Suspender significa parar o relógio por um tempo, e depois retomar de onde parou.

Exemplos comuns:

  1. Situações do art. 116 do CP/1940

  2. Citação por edital com não comparecimento nem defensor, com suspensão do processo e do prazo prescricional, na forma do art. 366 do CPP

Na prática, muita tese defensiva nasce de uma pergunta simples: houve mesmo suspensão válida, ou o processo só ficou parado sem justificativa?

7) Redução do prazo pela metade: art. 115 do CP/1940

O prazo prescricional cai pela metade se o agente era:

  1. Menor de 21 anos na data do fato, ou

  2. Maior de 70 anos na data da sentença

Esse é um dos atalhos mais relevantes em crimes de menor e médio potencial ofensivo.

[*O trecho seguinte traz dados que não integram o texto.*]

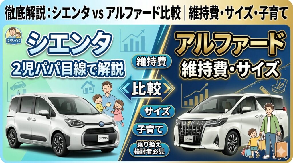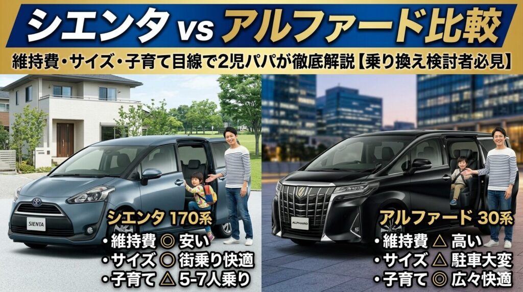 シエンタ vs アルファード比較|維持費・サイズ・子育て目線で2児パパが徹底解説【乗り換え検討者必見】

8) Prescrição da multa: regra própria

O art. 114 do CP/1940 trata da prescrição da pena de multa:

  1. Em 2 anos, quando a multa for a única cominada ou aplicada

  2. No mesmo prazo da pena privativa de liberdade, quando a multa for cumulativa

Erros aqui são comuns, especialmente quando a condenação tem multa cumulada e o cálculo é feito como se fosse sempre 2 anos.

9) Concurso de crimes e crime continuado: pegadinhas clássicas

  1. Concurso de crimes
    Em regra, a prescrição incide sobre cada crime isoladamente, não sobre um somatório global, conforme disciplina específica do CP/1940.

  2. Crime continuado
    A lógica de cálculo tem particularidades. Há orientação consolidada no sentido de que, para prescrição, considera-se a pena aplicada sem computar o aumento pela continuidade delitiva, o que pode antecipar o reconhecimento da prescrição em alguns casos.

10) O que não prescreve: exceções constitucionais

A CF/1988 prevê hipóteses de imprescritibilidade, com destaque para:

  1. Racismo

  2. Ação de grupos armados, civis ou militares, contra a ordem constitucional e o Estado Democrático

Fora dessas exceções, a regra é prescritibilidade.

11) Como conferir em 1 minuto se existe prescrição no seu caso

Checklist prático:

  1. Identifique o crime e a pena máxima em abstrato

  2. Veja se já houve sentença condenatória recorrível e qual foi a pena aplicada

  3. Defina o termo inicial correto do art. 111

  4. Marque os eventos que interrompem ou suspendem o prazo

  5. Aplique a tabela do art. 109, e verifique se há redução do art. 115

  6. Compare os intervalos relevantes
    Antes da sentença, entre o termo inicial e o recebimento da denúncia ou queixa, e entre este e a sentença
    Depois da sentença, entre sentença e acórdãos, e até o trânsito
    Após trânsito, pela executória, conforme regras de início de contagem da execução

Se você faz esse roteiro com datas em linha do tempo, a prescrição costuma ficar visível.

12) Conclusão

Prescrição penal é menos “feeling” e mais cronologia com regra jurídica. O Estado pode perder o direito de punir por demora na acusação ou no julgamento, e pode perder o direito de executar por demora após condenação definitiva. Quem domina os prazos do art. 109, os marcos do art. 111, e as causas de interrupção e suspensão, consegue detectar nulidades, pedidos de extinção da punibilidade e estratégias defensivas com muito mais precisão.